Засиделись допоздна – каждому претила сама мысль о том, чтобы выйти в темноту. На автомобиле приехать никто не решился; такси не поймать. В итоге в группы стали собираться те, кому было по пути. Гай с Бокс-Бендером двинулись к Белгравии в составе такой группы. На нетвердых ногах они сошли с крыльца. Темнота обескураживала, дезориентировала в пространстве и во времени. Будто Гай и Бокс-Бендер перенеслись на две тысячи лет назад, будто Лондон – снова кучка лачуг над рекою да частокол, будто под ногами болотная хлябь, а на расстоянии вытянутой руки – густая осока.
Следующие две недели Гай, можно сказать, провел в «Беллами». Ночевал он в гостинице, сразу после завтрака, словно клерк в контору, отправлялся на Сент-Джеймс-стрит. Там он писал письма. Устраивался в уголке малой столовой и строчил, строчил, день ото дня совершенствуясь в подобострастии.
«Уважаемый генерал Каттер, прошу простить за беспокойство, доставляемое в столь нелегкое время. Надеюсь, в Вашей памяти, как и в моей, жив тот счастливый день, когда Брэдшоу привезли Вас ко мне в Санта-Дульчину, мы отправились на морскую прогулку, во время которой весело и тщетно пытались пронзить острогой…»

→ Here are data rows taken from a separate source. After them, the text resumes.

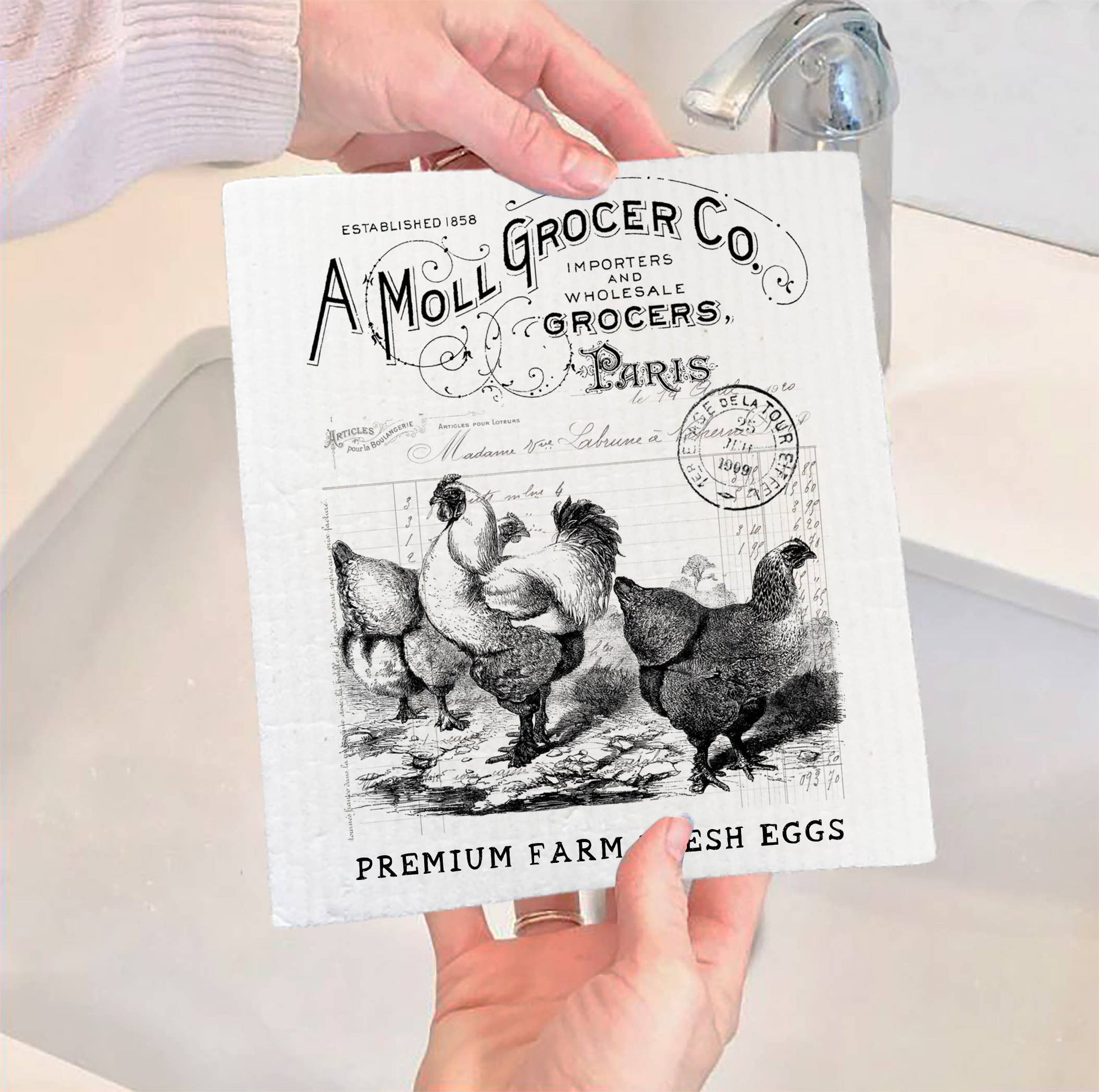 Set of 2 - Vintage French Chickens Cottage Swedish Dish Cloth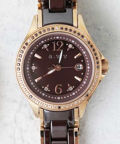 [a.v.v] レディースWATCHコレクション ?「今の自分が、いちばんステキ。」そう思える"時"をこの時計と共に? セラミック&ステンレスのコンビベルト。 ベゼルのキュービックジルコニアが独特な高級感を演出致します。 定期的な電池交換が要らない、ソーラーチャージムーブメント使用。 ギフトにも最適なアイテムとなっております。 ケースの形状 : ラウンドフェイス 風防素材 : ガラス 表示タイプ : アナログ表示 留め金 : Wプッシュバックル ケース素材 : ステンレススティール バンド素材 : ステンレススティール&セラミック 文字盤カラー : ブラウン カレンダー機能 : デイト表示 その他機能 : 日常生活防水 本体重量 : 68g ムーブメント :ソーラーチャージ メーカー保証 : 1年間保証 付属の保証書は大切に保管してください。保証の際に必要となります 生産地 : 中国製(日本製ムーブメント)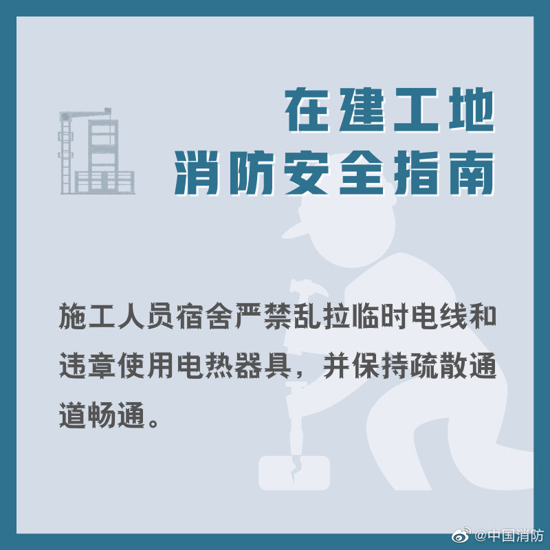 在建工地的施工現場防范措施不到位,易燃可燃材料多,施工人員消防安全意識談薄,都容易造成火災,收下這份在建工地消防安全指南,確保工地消防安全!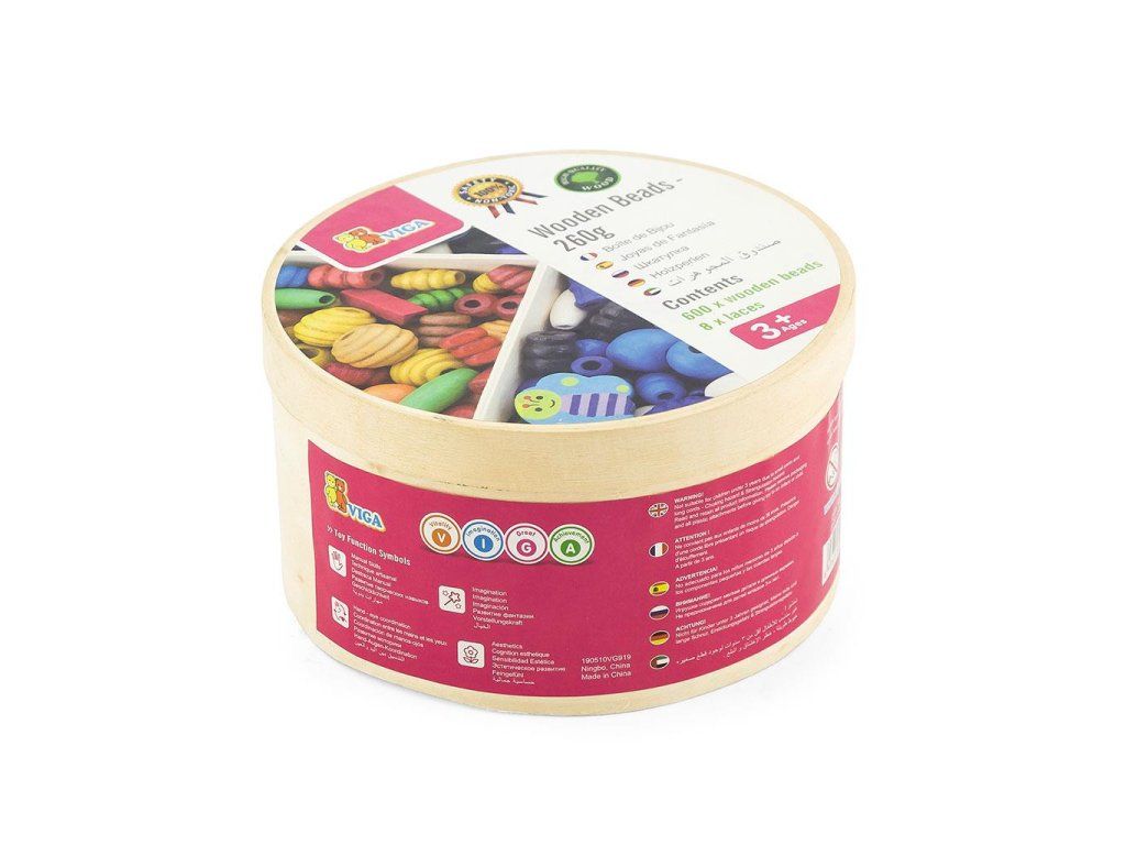 Kreatywny zestaw drewnianych koralików Viga zawiera 600 drewnianych koralików o różnych rozmiarach, kształtach i kolorach. W zestawie znajduje się również 8 sznurków w różnych kolorach. Dzięki zestawowi można stworzyć bransoletki lub naszyjniki.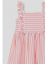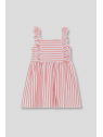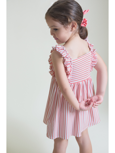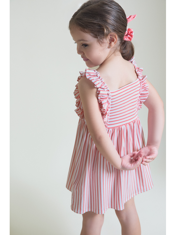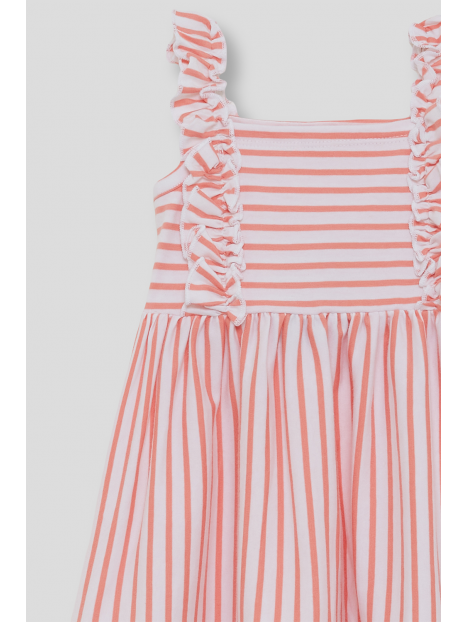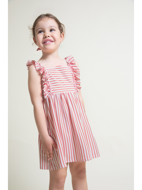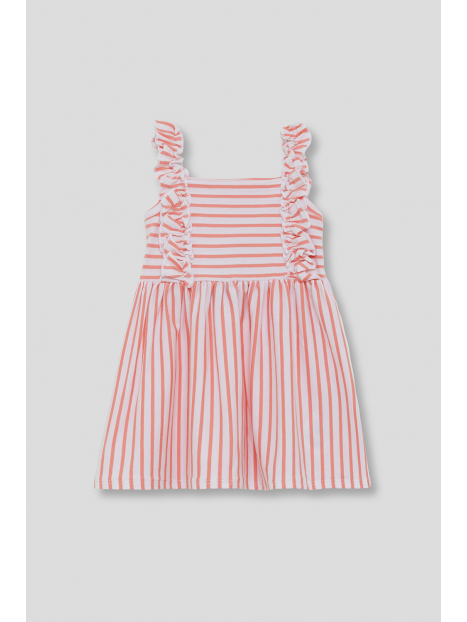 Vestido sin mangas en color coral con estampado de rayas horizontales y verticales, decorado con volantes en tirantes delanteros. Confeccionado en tejido fresco y ligero, ideal para el verano.

«Уважаемый полковник Гловер, я пишу к Вам потому, что Вы служили с моим братом Джарвисом и были ему другом…»
«Милый Сэм, хоть мы и не видались с тобой после окончания школы, я следил за твоими успехами с восторгом и гордостью оттого, что мы столь коротко знакомы…»
«Дорогая Молли! Да, я отдаю себе отчет в том, что мне этого знать не полагается. И все же: Алекс служит в Адмиралтействе, и он там большая и сверхзасекреченная шишка. А еще мне известно, что Вас он боготворит. Поэтому, умоляю, станьте моим добрым ангелом, замолвите словечко…»
Гай положительно сделался профессиональным просителем.
Как правило, ему отвечали – приходила напечатанная на машинке записка или раздавался телефонный звонок секретарши или адъютанта, назначалась встреча на нейтральной территории или территории предполагаемого благодетеля. Однако ничего утешительного Гаю не говорили.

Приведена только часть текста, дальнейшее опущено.